Cuando hablamos del primer amor, nos gusta pintarlo como algo épico. Un momento de película. Algo así como un rayo que cae del cielo y nos transforma para siempre. Pero, ¿qué pasa cuando tu primer amor te enseña, a muy temprana edad, lo que es la friendzone?
Tenía ocho años cuando conocí a Pilar. La niña nueva, la paisa, la Blancanieves criolla que llegó a revolucionar el colegio con su piel blanca, su cabello oscuro y esos ojos enormes que parecían dos lunas llenas. En cuestión de días, todos los niños del salón –y de los cursos superiores– estaban rendidos a sus pies. Le llevaban peluches, esquelas con brillitos y hasta le ofrecían compartir su recreo. Yo, sin plata para peluches y con un jugo de guayaba para el descanso, entendí rápido que si quería estar cerca de ella, tenía que jugar diferente.

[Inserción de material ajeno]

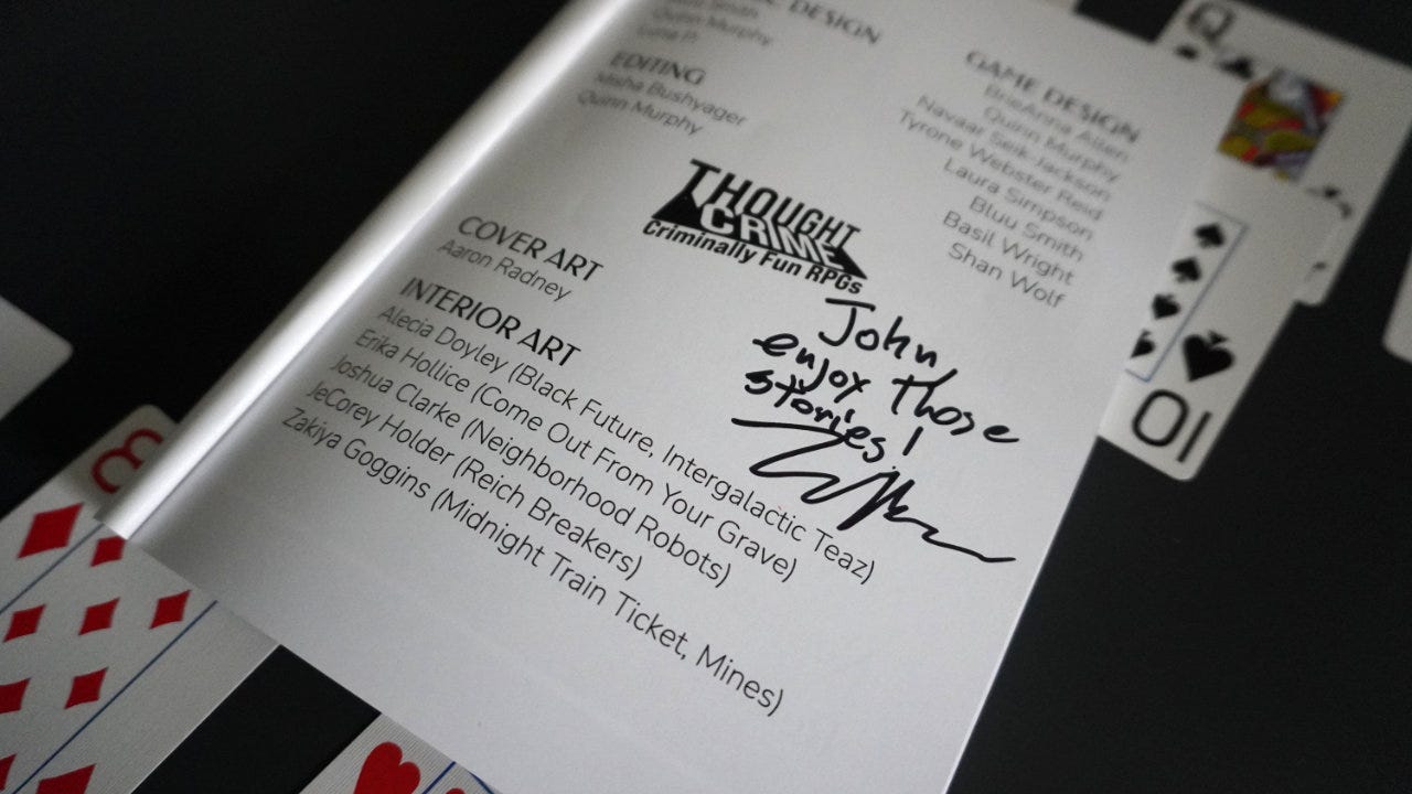 I picked up a copy of Griot Anthology by Thoughtcrime Games at PAX Unplugged last year.1 Edited by Misha Bushyager and Quinn Murphy, it is a compilation of seven tabletop roleplaying games:
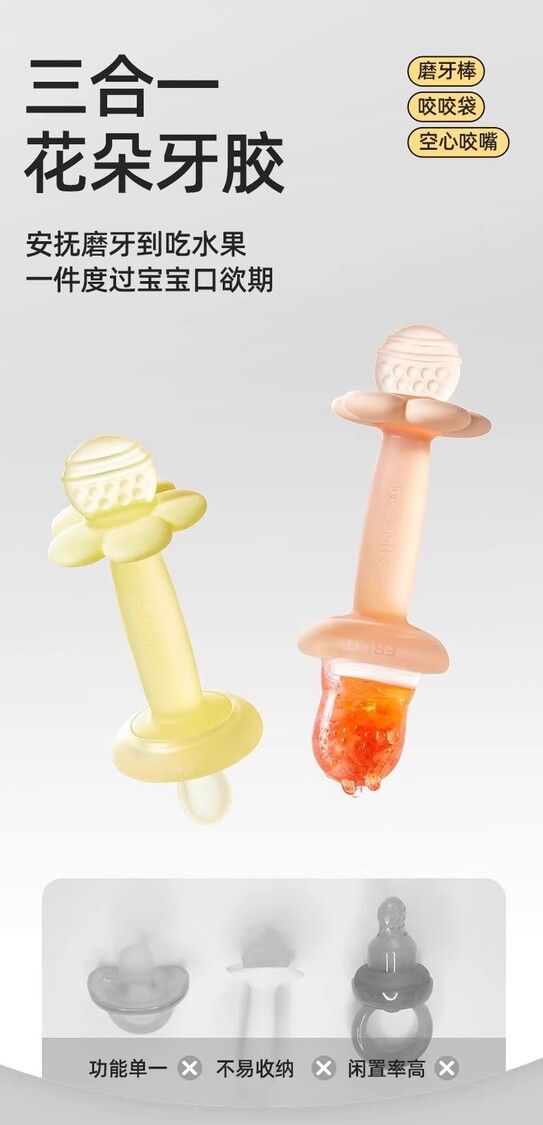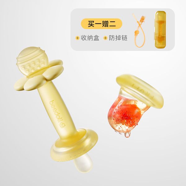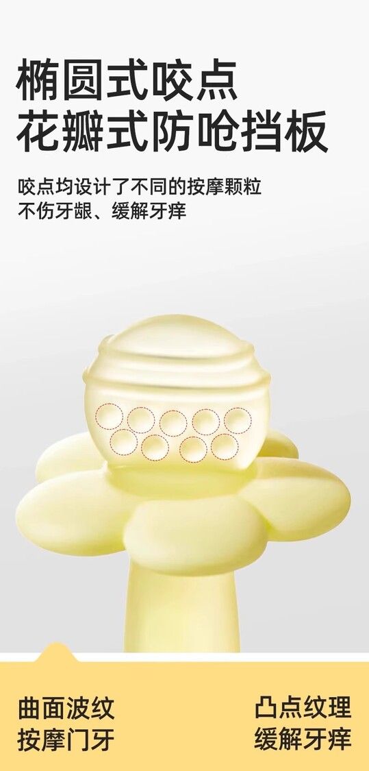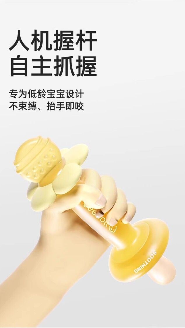 【趣成長花朵牙膠】-橄欖黃(送收納盒+防掉鏈)

Y así fue como encontré mi oportunidad: Pilar no era precisamente la mejor estudiante. Con todo respeto, si algún día llega a leer esto, tengo que decirlo… era malita para estudiar. Por no decir que algo bruta. Y como yo no era el más inteligente, pero sí un poquito menos malito que ella, me convertí en su salvación académica.
Primero éramos compañeros de estudio, después jugábamos juntos y finalmente pasábamos todos los descansos riéndonos de cualquier cosa. Para mí, éramos prácticamente novios. Hasta que un día, alguien en el salón decidió iluminarme con la verdad: mi Blancanieves paisa ya tenía un príncipe… y se llamaba Felipe. Porque, claro, tenía que llamarse Felipe. Y yoo era Jhosman en esa época.
Y así, a los ocho años, entendí lo que era estar en la friendzone. Mientras yo me veía como su príncipe de cuento, ella solo me veía como el enano que le hacía las tareas.
Hoy, Pilar es una señora con su familia y yo tengo este recuerdo intacto de lo que fue mi primer amor. Y como diría la niña del meme: Mirá, mirá Pilar, lo que te perdiste.
O tal vez ni se acuerde de mí.
Pero díganme… ¿recuerdan el nombre de su primer amor?